Stuck in the process? What about Offer Extensions?

There are a lot of people now languishing in No-man’s-land waiting to see whether their purchase will go ahead and worried about their mortgage offer expiring.

The good news is that most lenders will be able to offer a three-month extension on your offer. Just give them a call or speak to your friendly broker and they can arrange this. Do bear in mind however that some lenders will ask you to confirm that your situation has not changed or that you have been furloughed as discussed above.

Buy-to-Let

Buy to let products have also started to reappear, still at historically low rates, and it is interesting to see many landlords are tentatively coming out to play once more to see what opportunities are out there. Some with large portfolios are looking to take advantage of low rates and see if they can release some cash to take advantage of anything that comes their way.

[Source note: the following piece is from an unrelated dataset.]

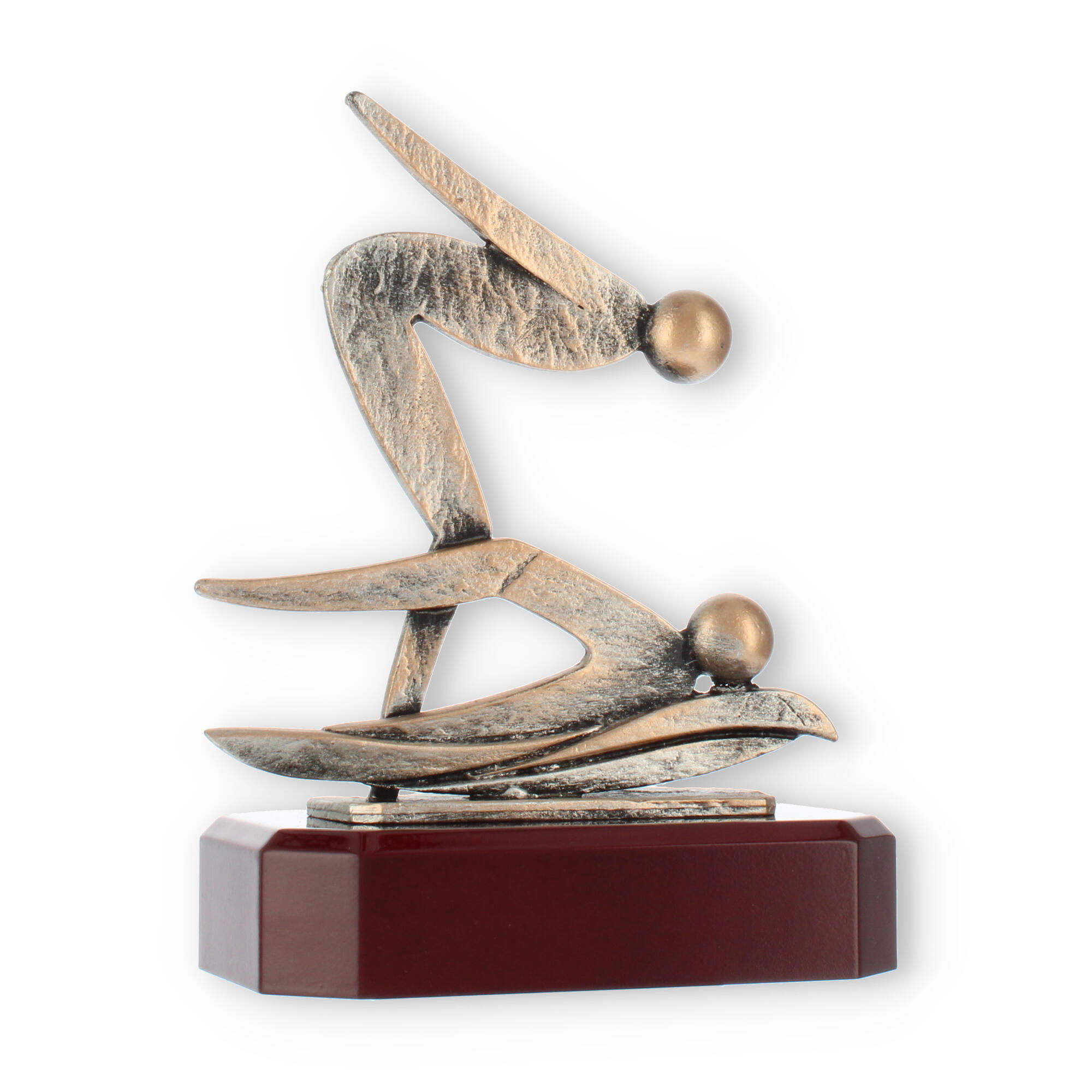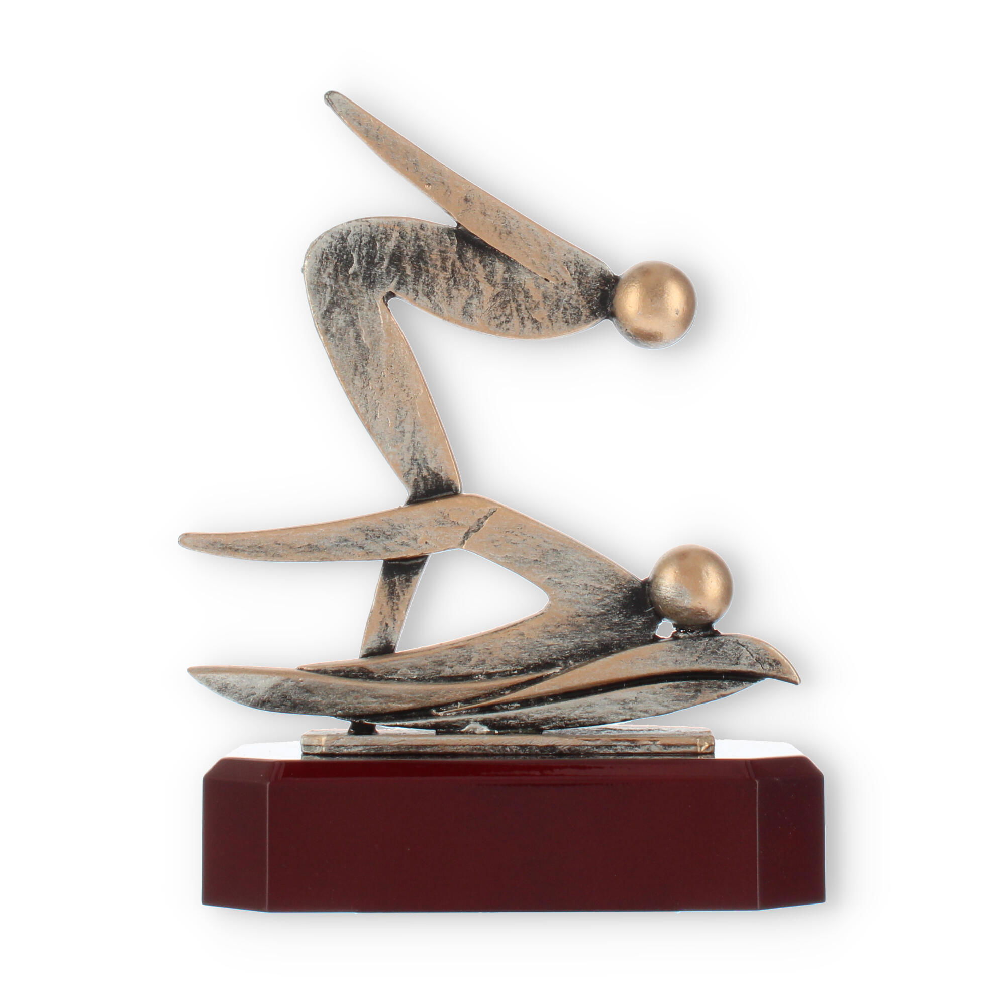 The Swimmer trophy is a striking award designed with sophistication and emotion. Featuring an abstract zamak figure with an old-gold patina, this trophy is a symbol of excellence and achievement in swimming. The textured, dynamic forms of the two intertwined figures create a sense of movement, capturing the energy and dedication required to excel in the sport.

At Coreco we have an experienced team that are used to dealing with landlords and large property portfolios, so it is worth getting in touch with us for a free review.

Mortgage Market Still Very Much Open

In summary, despite a blip a few weeks ago, mortgage lenders are dealing with this admirably. The market is still very much open, lenders still have money to lend and more importantly, they want to lend.

Whilst they do have some concern, understandably, about their borrower’s circumstances and ongoing affordability, for the most part they are asking sensible questions and helping borrowers as much as they can.

With rates still very low and very unlikely to move North anytime soon, remortgage applications continue to be strong and it remains a great time to lock into a good rate.

As many of us continue to stare at the same 4 walls day in and day out, it will be interesting to see if there is a sudden rush of people deciding to move when we start to come out of this, or choosing to move to a brand new area with more space as they now have more flexibility to work from home and do less commuting.

Best Mortgage Rates

In terms of mortgage rates, for standard residential mortgages, borrowers can obtain 2-year fixes at 1.19%, (3.18% APRC) and 5-year fixes from 1.41%, (2.66% APRC) whilst variable tracker rates are around from 1.39%, (4.08% APRC).

Those looking at Buy-To-Let can now obtain products from 1.19%, (4.55% APRC) for 2-year fixed or 5-year fixes are available from 1.62% (3.77% APRC).